尹良燕在屏风后听完,又不觉摇头叹息。“晴儿,记住了,做人一定不能太小心眼,更不能胡乱猜疑。这世上许多事本来好好的,但终究架不住一个不信任啊!”
“嗯,我记住了。”小晴儿乖巧的点头,忽然仰起小脸,“母妃,你昨天教我相由心生,今天看到安国公奶奶,我终于明白了!”
噗!
尹良燕终于忍不住笑了出来。
“谁?谁在这里?”这时,前面正敏感得绷起所有神经的安国公夫人捕捉到声音,赶紧绕到屏风后。当见到静静端坐的尹良燕母女,她眼里立马冒出两簇熊熊的火光,“尹良燕,原来是你!”
被发现了。
尹良燕不慌不忙的站起身:“安国公夫人,好久不见了。”
安国公可没心情和她以礼相待,直接便恶狠狠的瞪着她。“尹良燕,这事是你干的!你出卖了我!”
出卖?谈不上吧?她和她从来就不是一伙。
尹良燕失笑:“安国公夫人是气糊涂了吧?我可从不敢做这等通敌卖、国的事。如今我偶然得知了消息,自然不敢轻视,毕竟兹事体大,一旦将两国纷争卷到一起,那可就大事不妙了。”
“果然是你!”安国公夫人立马大喊,“尹良燕!小践人!我就知道,你还记着当年的仇呢!我就知道你还不会放过我儿子!你个小践人!你给我去死!”
说着便张牙舞爪的冲她扑了过来。
尹良燕都吓得一愣,赶紧抱着女儿闪开。
安国公夫人扑了个空,身上的熊熊怒焰顿时燃得更盛,竟以更大的力道朝她这边扑过来!
尹良燕再躲。但安国公夫人就跟拼了命似的,竟是不管不顾的朝她横冲直撞而来,嘴里骂骂咧咧个不停,那态势之强横、力道之大,是抱着女儿躲闪的她怎么也无法抗衡的。
一个不慎,尹良燕便发现这个女人又气势汹汹的朝自己飞扑过来,那双手竟是朝小晴儿抓过去了!

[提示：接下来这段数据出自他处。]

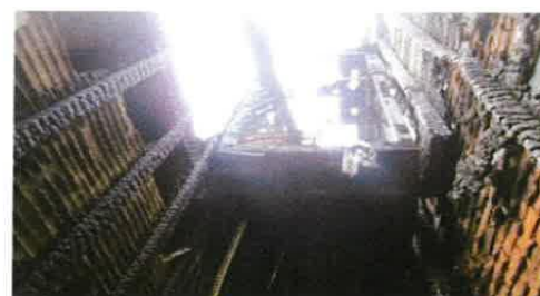
3239-41 Sturtevant Interior4.JPG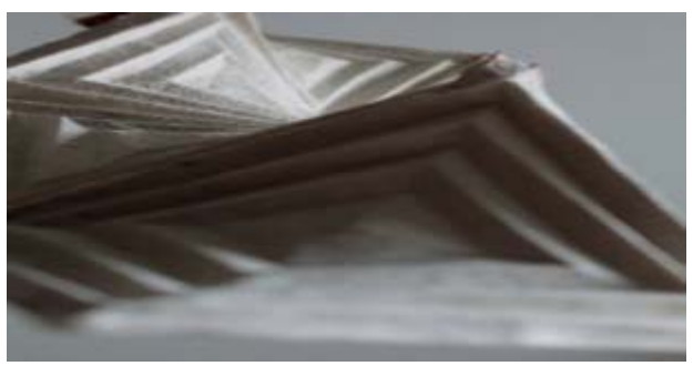
Figure 1. A-Paper Garden: Pomegranate and Jewish Slipper Tree, 2015, Marília Bergamo. Hard paper, wires, sensors and controllers.

Figure 1 shows a detail of an object, which produces sounds and lights when in contact with another object of the whole system.

“不要!”赶紧转过身,将女儿护在怀里。她也闭上了眼,咬牙打算隐忍这份痛楚。
然而,期待中的疼痛并未到来,她只感觉到身体被轻轻一撞,继而便是太后等人的大呼小叫响起——
“皇上!”
“皇上小心!”
赶紧回头,便发现一个小小的身影不知何时已经挡在了她身后,将安国公夫人的攻击给阻挡了开去。而这个小小的身影却被冲撞得不轻,人立马无力瘫倒在地。
尹良燕连忙蹲身抱起他。“皇上,你没事吧?”
“皇婶,你没事吧?”小皇帝却直直盯着她,小声虚弱的问。
尹良燕连忙摇头。小皇帝才出了口气。“我没事。”
没想到自己撞到了皇帝,安国公夫人也吓呆了。“我……我不是故意的!我想杀的是那个小践人——”
“来人!安国公夫人妄图弑君,罪无可恕,将她押入天牢,听候问斩!”太后别的什么都能忍,唯独不能容忍自己的宝贝孙子被人伤害,尤其还是当着她的面!眼看着小孙子的小脸上那几道鲜红的抓痕,她人都快气疯了。
被惊呆了宫女太监们不敢拖延,忙不迭将人给拖了出去。早有人跑去将太医给请了来。
等太医给小皇帝看过,再三保证他只是受了点皮外伤之后,太后才松了口气,但看着安国公的眼神比之前更加冰冷。
安国公都已经在地上跪了好久了,双腿都跪麻了却依然不敢叫一声苦。一直等到小皇帝没事的消息传来,他才暗暗松了口气:“太后娘娘,我夫人她虽然做了错事,但她毕竟还是我安国公府的夫人,您便是要她死,那也请让微臣将她带回去,让她体体面面的去了吧!她的命虽不重要,但阿辰毕竟是他儿子,他以后还总得在京城立足的啊!”
太后没好气的瞪他一眼。“小弟,难道你真以为那件事是你夫人一人所为吗?”
安国公又一愣。“她不是已经承认了吗?”
太后无奈长叹口气,转头看向尹良燕:“贤王妃,你来和他说!”
“是。”尹良燕连忙上前,“安国公,你可还记得,十五年前,贵府大宴,京中权贵云集,我也有幸被家人带去一睹当时国舅的风采。”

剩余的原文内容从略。